Senate Candidate Proposes Tax Plan To Benefit Small Businesses

Senate Candidate Proposes Tax Plan To Benefit Small Businesses
The Bookmark Shoppe in Bay Ridge is one example of a local small business. (Photo: The Bookmark Shoppe)

In an effort to improve on Governor Andrew Cuomo’s “Internet Fairness Conformity Tax” proposal, which would make sites like Amazon collect sales tax when facilitating purchases from third-party sellers, Andrew Gounardes, a Democratic candidate running against Senator Marty Golden, is proposing a further tax proposal to benefit small business.
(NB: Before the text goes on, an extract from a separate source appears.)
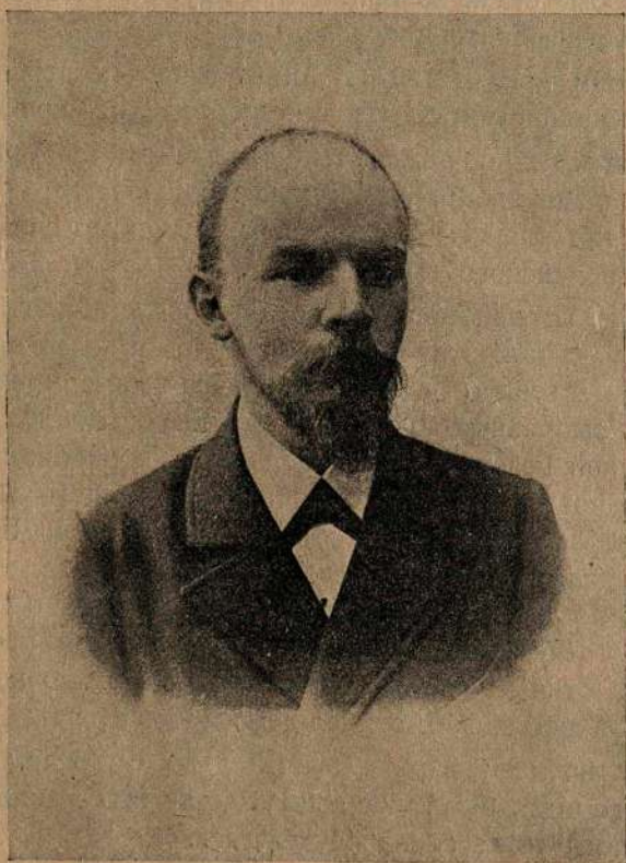
Рис. 10. В. И. Ленин в 1903 г.

капитализм, а с ним вместе будет расти рабочий класс. Потому главной задачей они считали хотя бы медленную, но упорную работу среди пролетариата : раскрывать рабочим глаза на их положение, организовать их в союзы и социалистическую рабочую партию для непрерывной борьбы с самодержавием и капитализмом.

Gounardes’ plan would lower the statewide sales tax for items purchased at small businesses, but raise it correspondingly for items bought at larger stores. He believes this will boost small businesses in Brooklyn, many of which are suffering because of large retail stores. But that’s not to say small businesses will suddenly win out over big businesses. According to Gournades, there will merely be more competition among the small, privately owned businesses.

“Small businesses will become more competitive, consumers will save money by shopping locally and the state will reduce its budget deficit,” he said. “And Amazon and Walmart will be just fine.”

This proposal, Gounardes says, makes it cheaper for consumers to shop at their local small business.

“For example, if you wanted to buy a book, you could shop local or shop from Amazon. Amazon will almost always undoubtedly be cheaper, which means that the small local bookstore just can’t compete and ends up losing your business,” he told BKLYNER. “By lowering the sales tax on small businesses, we make it cheaper and easier for local consumers to choose to support their local businesses.”

Local businesses generate 70% more local economic activity per square foot than big box stores, according to a 2014 Huffington Post article. Shopping locally is also better for the environment, according to the article, by helping to reduce “processing, packaging and transportation waste,” which leads to less pollution.

But one can argue that this proposal interferes with the free market, which allows for unrestricted competition and private transactions between buyers and sellers. Gounardes believes that’s not the case at all.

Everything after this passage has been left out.